*** Opening DATA ***

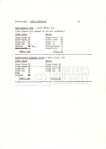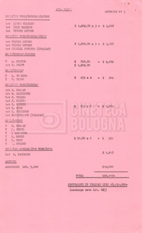 – Appunti mss. riguardanti i compensi del cast tecnico e artistico;
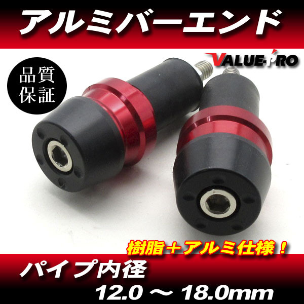 > アルミ+樹脂 バーエンドキャップ 赤 レッド / ハンドル穴径 12mm~18mm対応 GSX400 GSX1200 インパルス イナズマ GSX-R
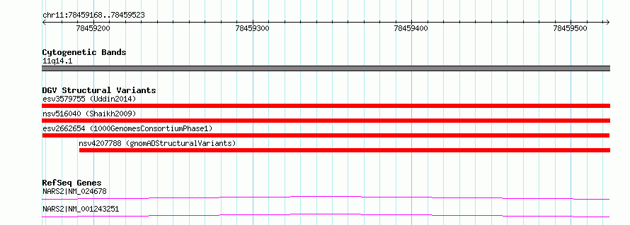 Variant DetailsVariant: esv2662654| Internal ID | 9582073 | | Landmark | | | Location Information | | | Cytoband | 11q14.1 | | Allele length | | Assembly | Allele length | | hg38 | 356 | | hg19 | 356 |
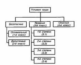 условий и характера труда: оптимальные, допустимые, вредные и опасные -
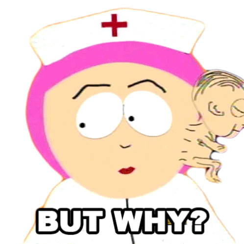 South Park's Nurse Mary looks confused, holding a baby-like Gollum creature, asking 'But Why?'
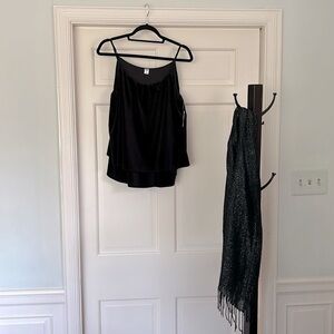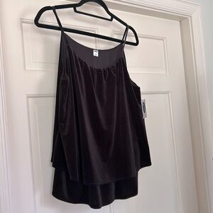 Tiered Velour Swing Top NEW! Black Size Large Velour Camisole Spaghetti Straps

*** Closing DATA ***

> **PROMPT**: For each record above, write it out exactly and omit any picture.

> **EXPECTED OUTPUT**:
 – Appunti mss. riguardanti i compensi del cast tecnico e artistico;
 > アルミ+樹脂 バーエンドキャップ 赤 レッド / ハンドル穴径 12mm~18mm対応 GSX400 GSX1200 インパルス イナズマ GSX-R
 Variant DetailsVariant: esv2662654| Internal ID | 9582073 | | Landmark | | | Location Information | | | Cytoband | 11q14.1 | | Allele length | | Assembly | Allele length | | hg38 | 356 | | hg19 | 356 |
 условий и характера труда: оптимальные, допустимые, вредные и опасные -
 South Park's Nurse Mary looks confused, holding a baby-like Gollum creature, asking 'But Why?'
 Tiered Velour Swing Top NEW! Black Size Large Velour Camisole Spaghetti Straps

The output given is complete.